Vor der ersten Spalte "Kalenderwoche" wird die Spalte "Kennzeichen" angezeigt, aus der ersichtlich ist, welcher Wert (mit welcher Berechungsbasis) in dieser Zeile enthalten ist. Der Wert setzt sich wie folgt zusammen:
- 1. Stelle = Wert
Das ist die Einstellung, die in der ersten Spalte der Tabelle definiert wurden (also 0 = Debitorenfakturen, 1 = Nicht fakturierte Kundenlieferscheine, 2 = Nicht gelieferte Kundenaufträge, 3 = Kreditorenfakturen, 4 = Nicht fakturierte Lieferantenlieferscheine, 5 = Nicht gelieferte Lieferantenbestellungen, 6 = Kontenbudget, 7 = BKZ-Budget, 8 = BWA-Budget).
- 2. Stelle = Bewertung
Hier wird angezeigt, nach welcher Bewertungsmethode die Berechnung erfolgt, wobei hier die Einstellung der dritten Spalte der Tabelle verwendet wird (also 0 = nach durchschnittl. Zahlungskondition, 1 = ohne Skontoberücksichtigung, 2 = mit optimierter Skontoberücksichtigung). Wenn die erste Stelle 6, 7 oder 8 ist, dann ist die zweite Stelle immer 0.
- Ab 3. Stelle = Stammdatensatz
Die Kennzahl ist nur dann mehr wie 2 Stellen lang, wenn an der ersten Stelle 6, 7 oder 8 steht. Dann wird nämlich ab der 3. Stelle die Kontonummer, die BKZ oder die BWA angezeigt, die in der Tabelle hinterlegt wurde.
Wenn in der Liquiditätsanalyse die Option "FW anzeigen" aktiviert ist, dann wird das Kennzeichen um den Fremdwährungscode erweitert, wobei der Code zuerst angedruckt wird (USD20 steht also für "nicht gelieferte Kundenaufträge" (2) "nach durchschnittlichen Zahlungskonditionen (0) in Fremdwährung US-Dollar).
- Hinweis
Wenn keine Lizenz für die Liquiditätsanalyse vorhanden ist oder der Benutzer ein Demobenutzer ist, werden in der Liquiditätsanalyse nur die aktuelle KW und die kumulierten Werte der Vorperioden (aktuelle KW -1) angezeigt, unabhängig davon, wie viele Wochen eingestellt wurden.
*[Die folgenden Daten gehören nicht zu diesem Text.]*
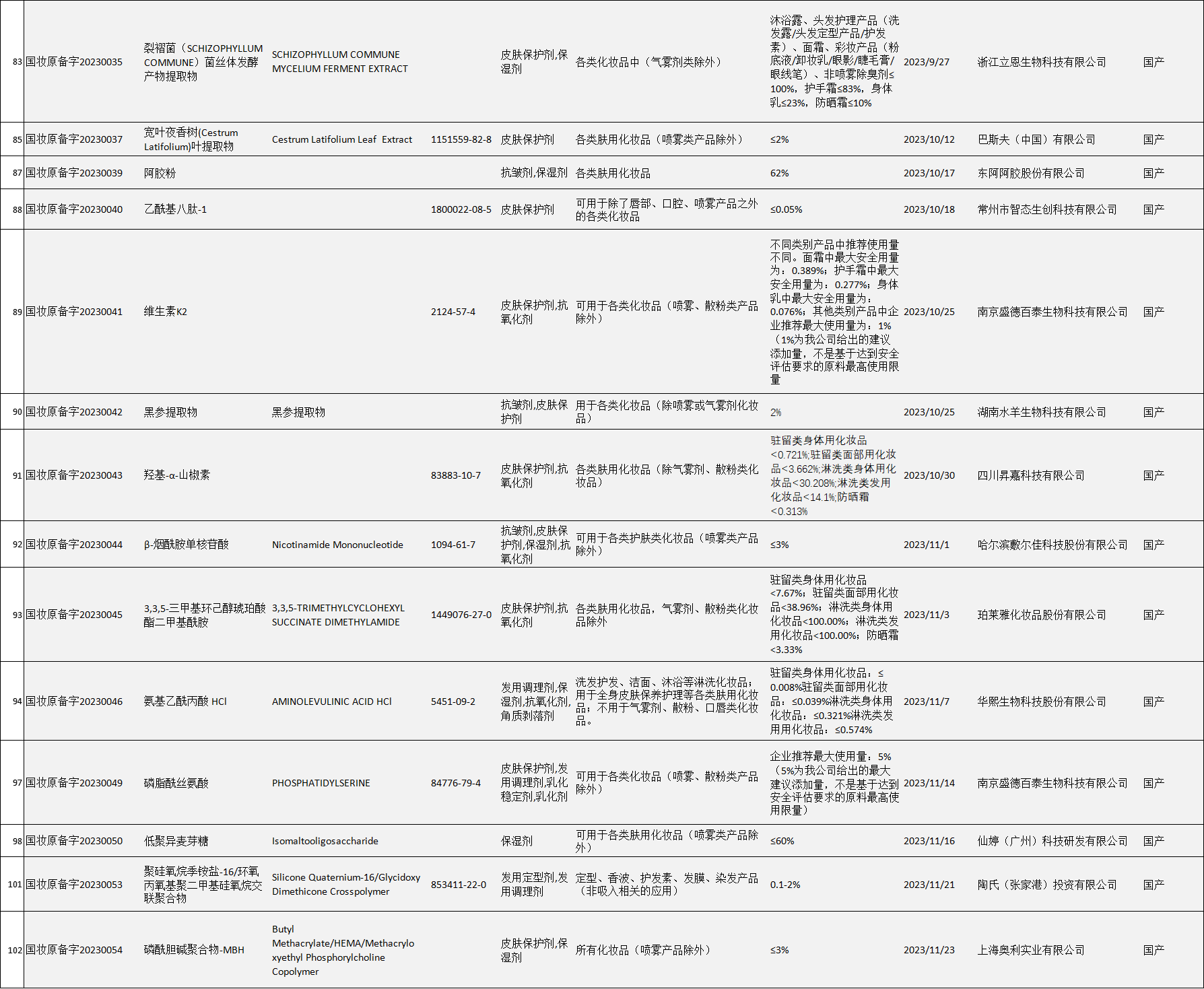 表1 新法规下2023年获得备案的国产化妆品新原料信息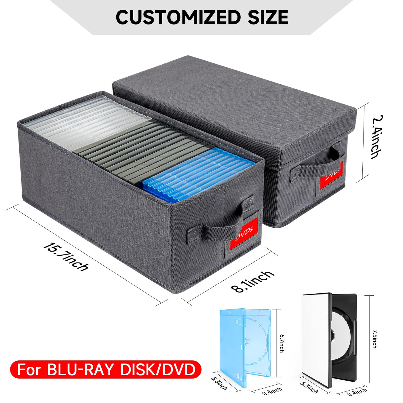 Transform your DVD collection with our ultimate DVD case holder organizer. Stackable and designed to hold up to 25 DVDs, our DVD storage box offer not just space efficiency but also protection from scratches and dust. The DVD organizer and storage case is a versatile solution, perfect for neat, categorized storage. Made with thick non-woven fabric and high stiffness cardboard, our durable DVD rack is built to last. With easy access to your favorite movies and games, it's time to sit back, relax, and enjoy your DVD collection like never before.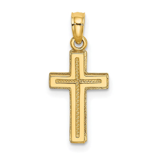 Million Charms 14K Yellow Gold Themed 2-D Polished & Textured Relgious Cross Charm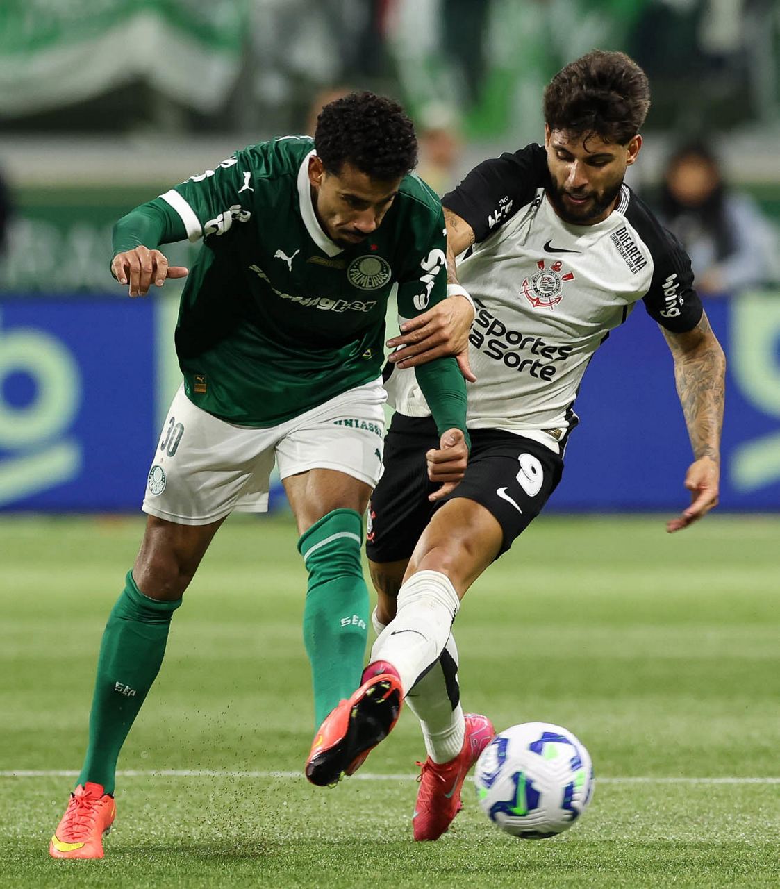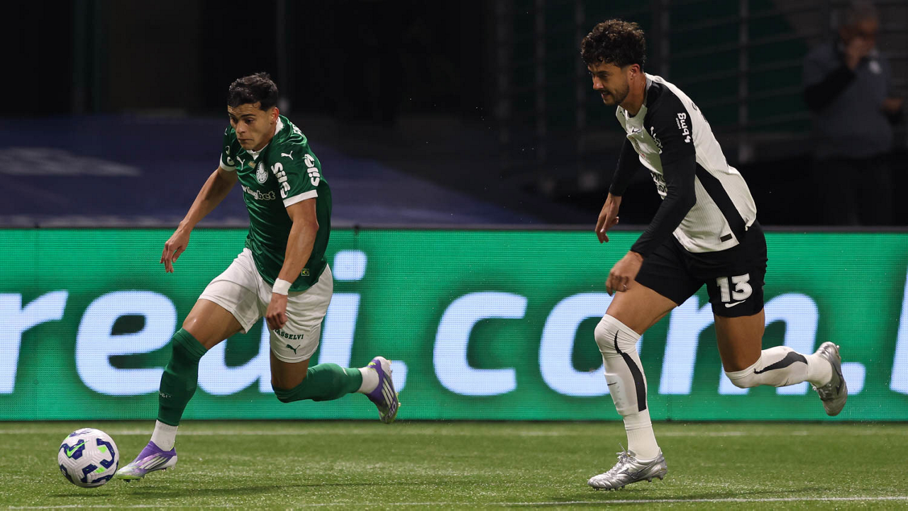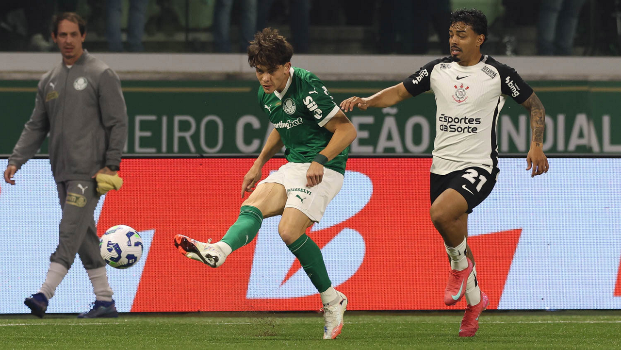 O jogador Vitor Roque, da SE Palmeiras, disputa bola com o jogador do SC Corinthians P, durante partida válida pelas oitavas de final, da Copa do Brasil, na arena Allianz Parque. (Foto: Cesar Greco/Palmeiras/by Canon)

Dieser Button kann nur dann angeklickt bzw. mit der Tastenkombination ALT + X aufgerufen werden, wenn die Auswertung bereits als Tabelle vorliegt. Damit kann die Tabelle als XLS-Datei (Excel-Format) in jedem beliebigen Verzeichnis, auf das Zugriff besteht, abgespeichert und in weiterer Folge weiterbearbeitet werden.
Dieser Button kann nur dann angeklickt bzw. mit der Tastenkombination ALT + I aufgerufen werden, wenn die Auswertung bereits als Tabelle vorliegt. Damit wird die Datei LA.XLS geöffnet, die eine Berechnung der Liquiditätsanalyse inkl. Grafik beinhaltet. Als Basis für die Berechnung wird die Datei LA2.XLS verwendet, die ebenfalls durch Anklicken des Buttons erstellt bzw. überschrieben wird.
Sollte mit dieser Berechnung kein Auslangen gefunden werden, kann die Datei individuell adaptiert werden.